Work request =
Among the entries below, the lines from the one with "Script Host (WSH)." up to and including the one with "Управление имеет недостатки: переключение" are to be restated exactly, without pictures.

Exercise inputs =
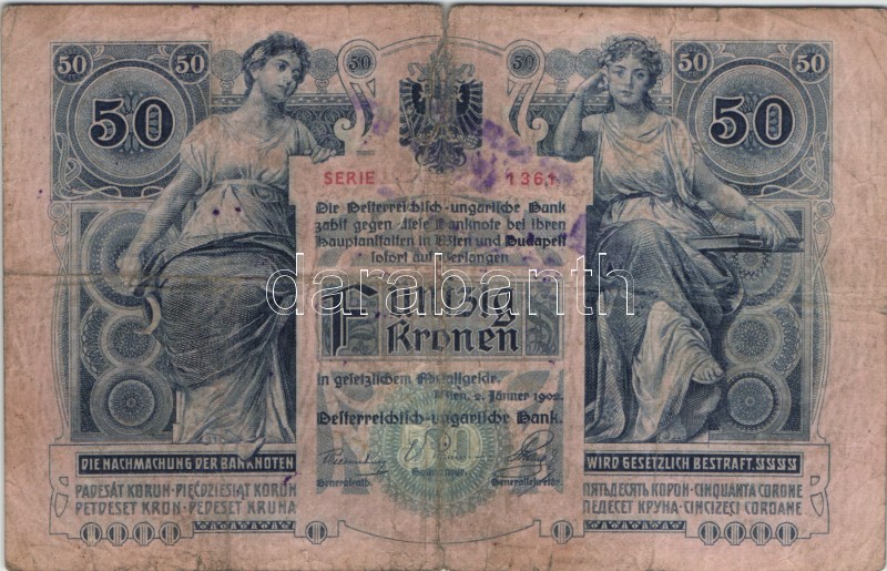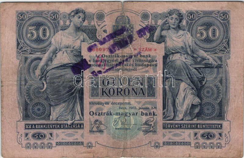 1902. 50K lila felülbélyegzéssel T:III/III- https://www.darabanth.com/hu/164-Gyorsarveres/164.0/Numizmatika/Magyar-es-magyar-vonatkozasu-bankjegyek~2000101/1902-50K-lila-felulbelyegzessel-TIIIIII-~II537992
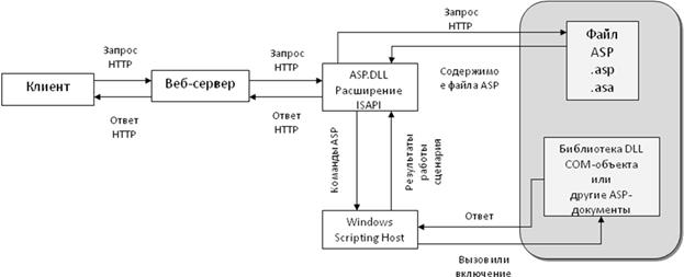 · ASP.DLL просматривает файлы с указанными расширениями на наличие тегов, обозначающих внедренный код для выполнения на сервер и передает найденный код в Windows Script Host (WSH).
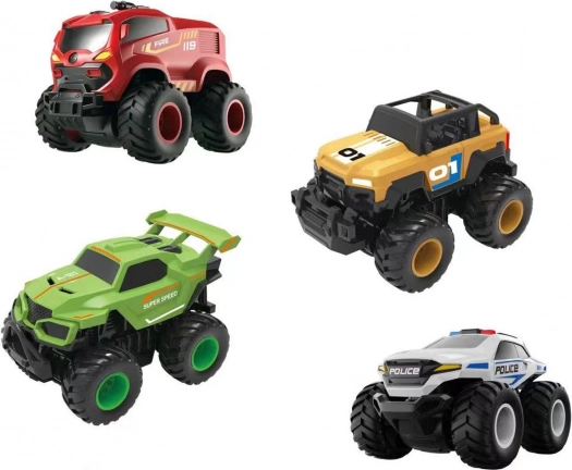 Auto Big Foot à inertie de 13 cm en quatre variantes : pompiers, police, vert et jaune.
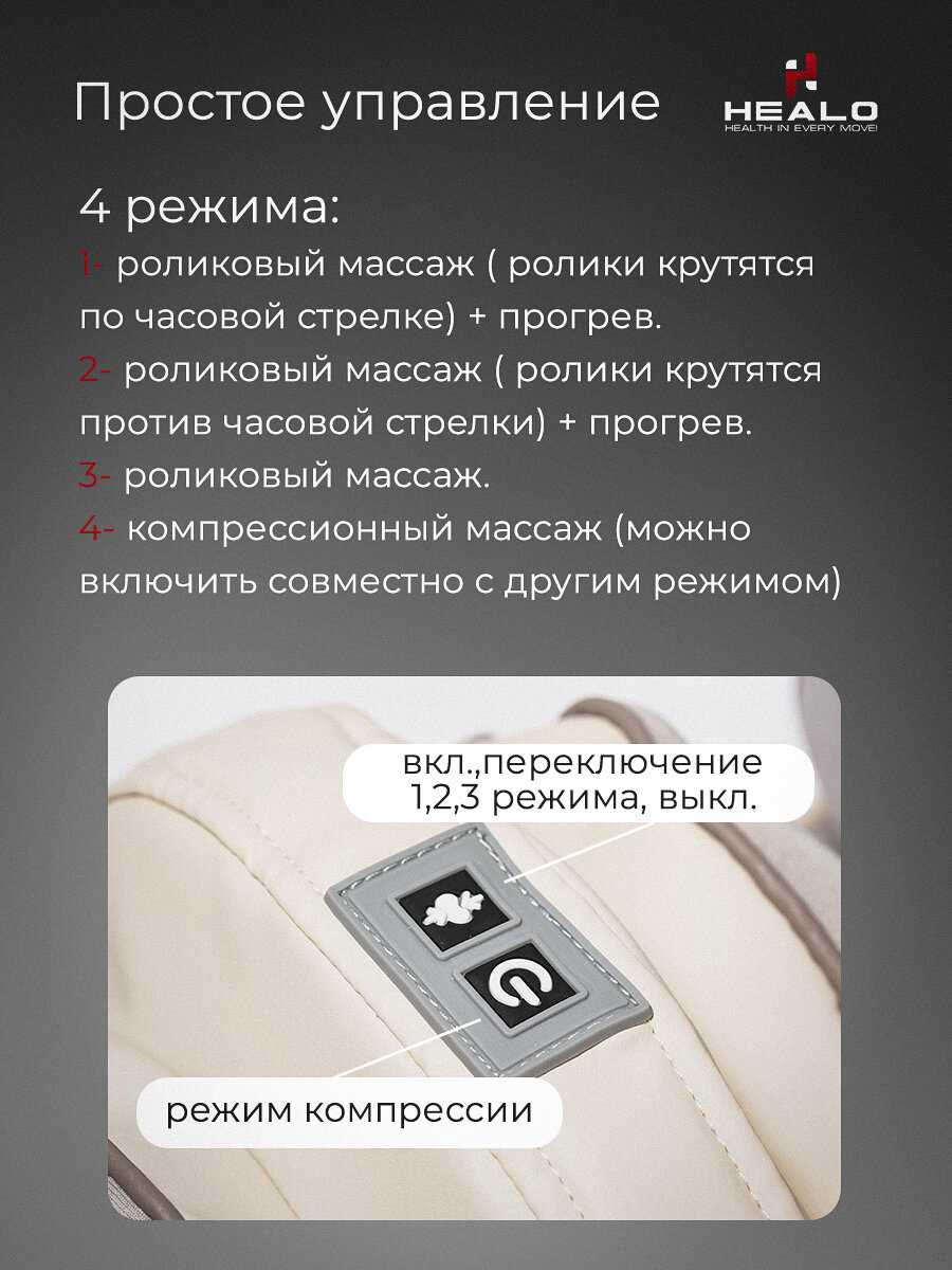 Управление имеет недостатки: переключение режимов требует последовательного пролистывания всех опций, что неудобно при необходимости быстро изменить настройки. Отсутствие чётких индикаторов работы, особенно для подогрева, затрудняет контроль — например, подсветку не видно при массаже икр. Пользователи отмечают, что регулировка мощности не интуитивна, а для выключения нагрева нужно проходить весь цикл настроек, что снижает комфорт при активном использовании.
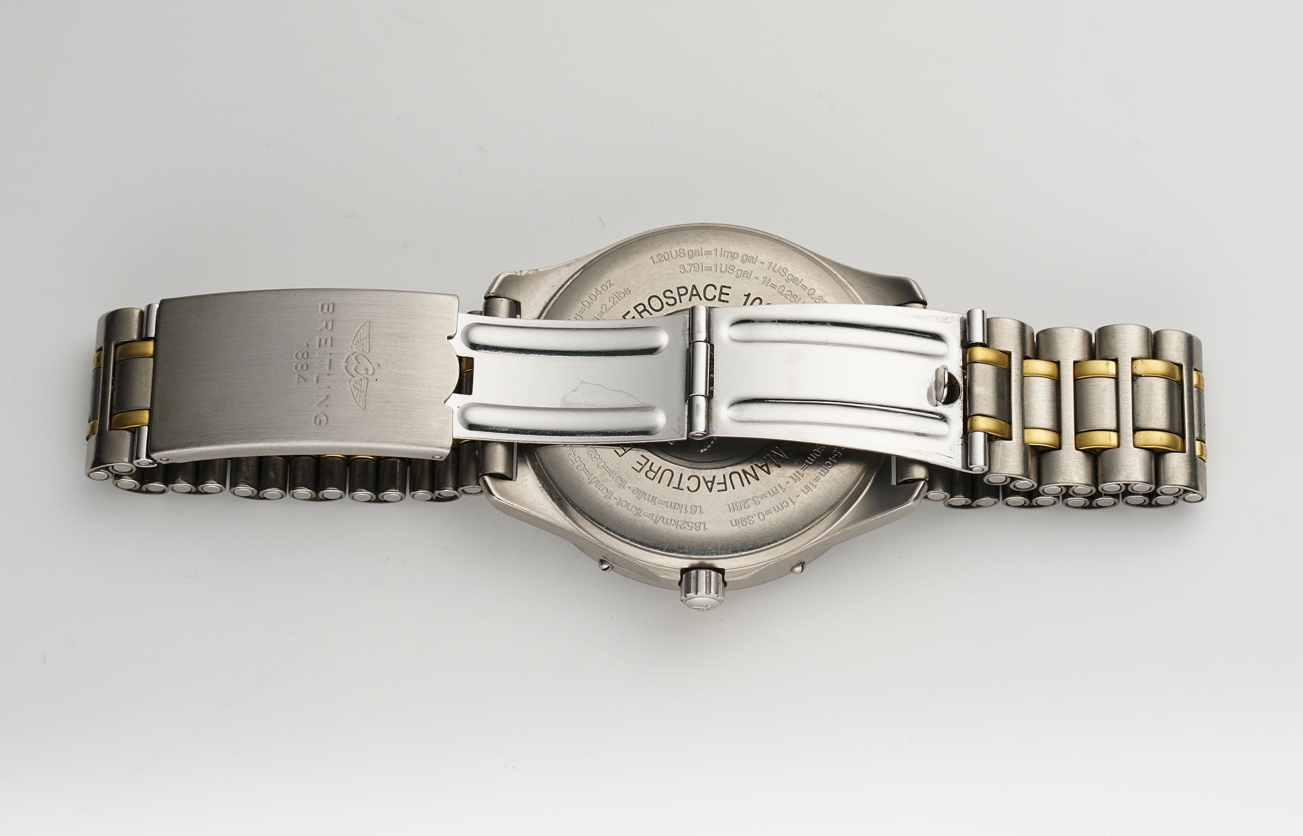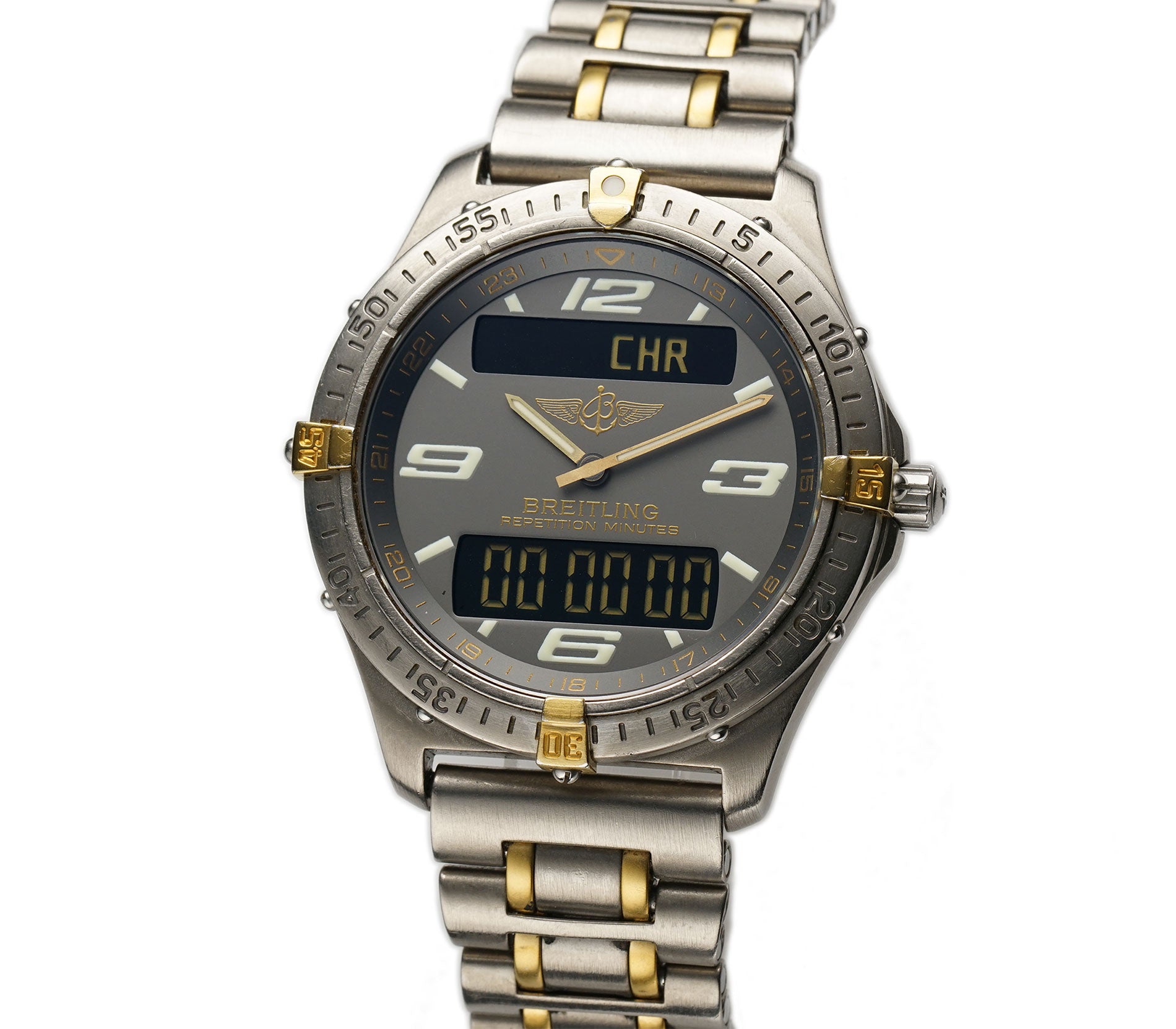 The case is made of a satin finished titanium as is the 60-minute scaled bezel, but the bezel is equipped with 18k yellow gold quarter hour riders. It is paired with a satin finished titanium Breitling bracelet that has 18k yellow gold elements down the middle. The bracelet fits up to an approximate 7 inch wrist comfortably.
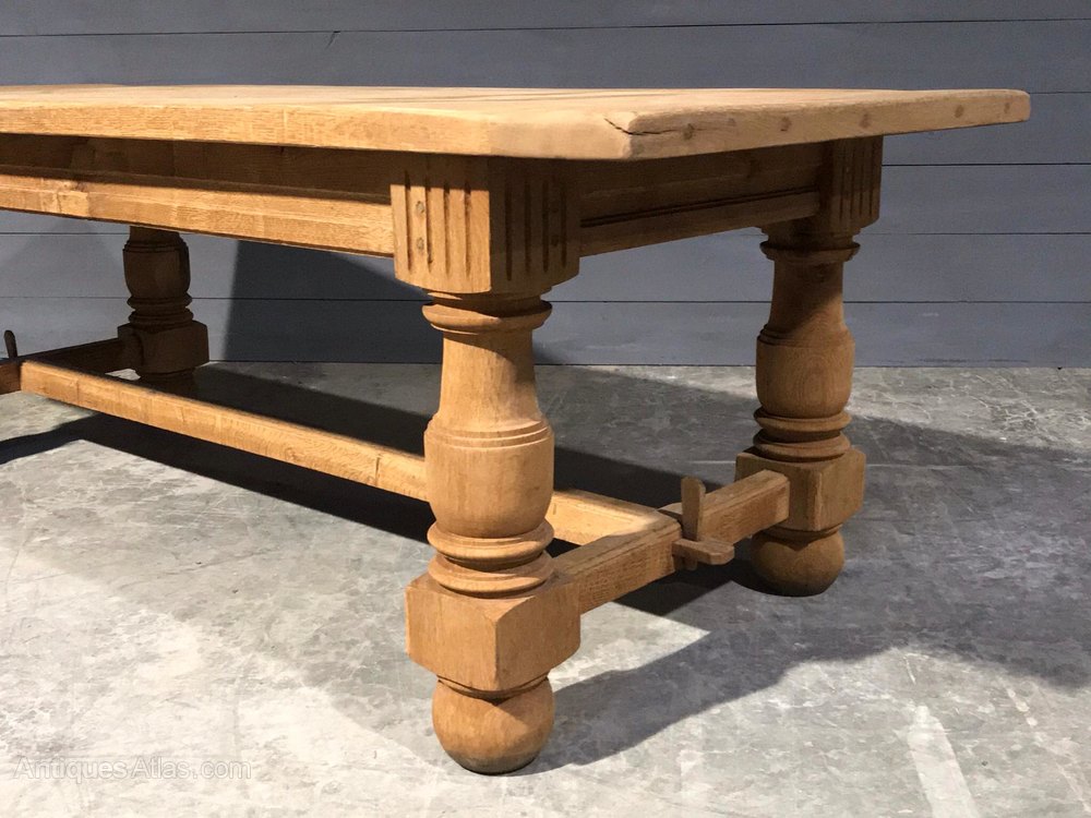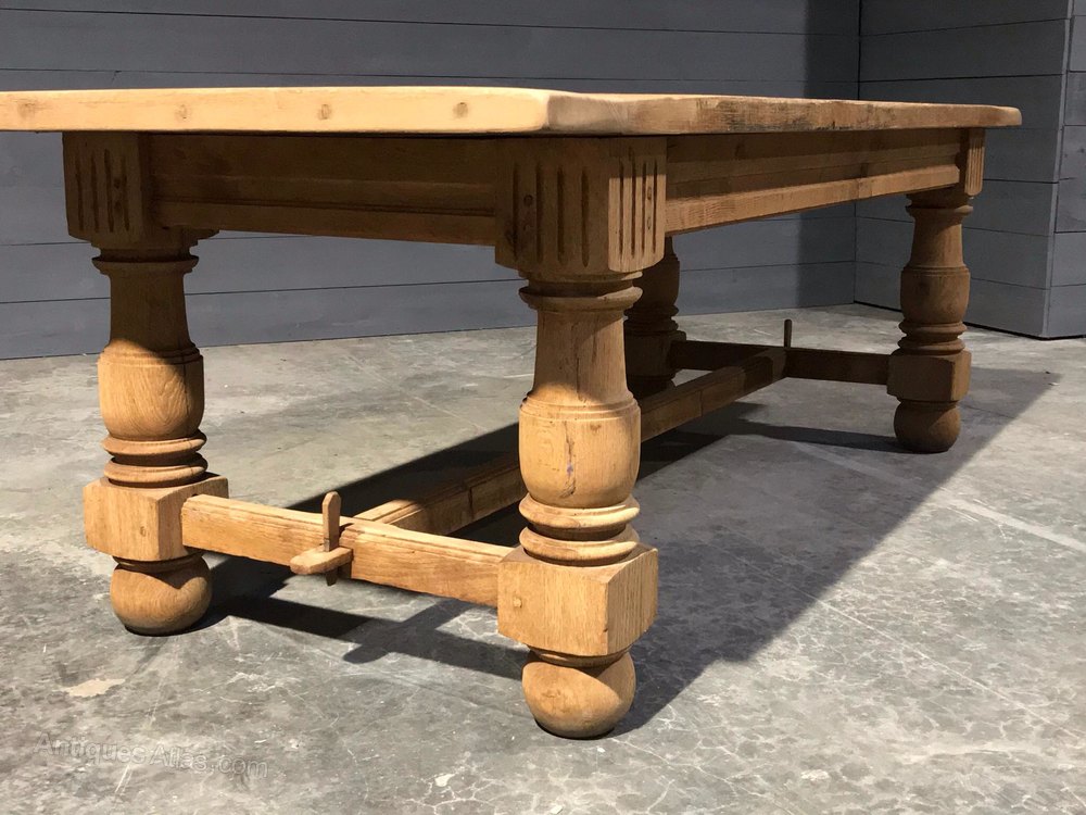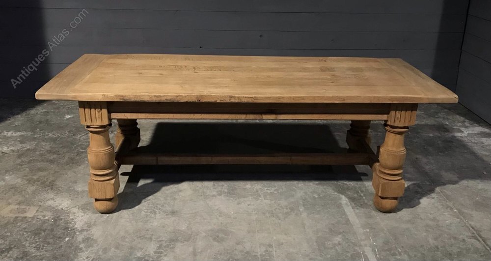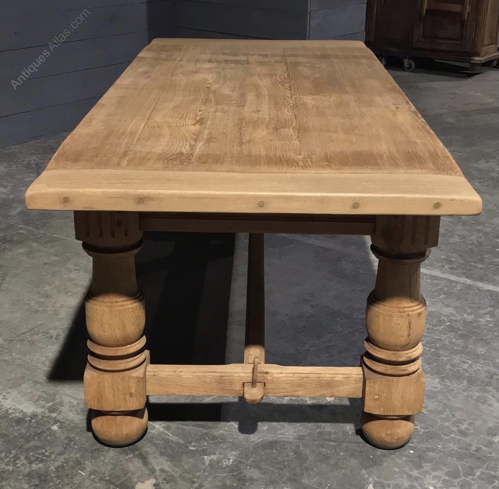 A large French Refectory Farmhouse Dining Table, made from solid Oak in the 1900’s. A very good quality table that will last for generations to come. We have bleached it for a lighter look but could be waxed or coloured to any colour/shade desired. Leg clearance is fine at 60.5 cm.

Written solution =
 · ASP.DLL просматривает файлы с указанными расширениями на наличие тегов, обозначающих внедренный код для выполнения на сервер и передает найденный код в Windows Script Host (WSH).
 Auto Big Foot à inertie de 13 cm en quatre variantes : pompiers, police, vert et jaune.
 Управление имеет недостатки: переключение режимов требует последовательного пролистывания всех опций, что неудобно при необходимости быстро изменить настройки. Отсутствие чётких индикаторов работы, особенно для подогрева, затрудняет контроль — например, подсветку не видно при массаже икр. Пользователи отмечают, что регулировка мощности не интуитивна, а для выключения нагрева нужно проходить весь цикл настроек, что снижает комфорт при активном использовании.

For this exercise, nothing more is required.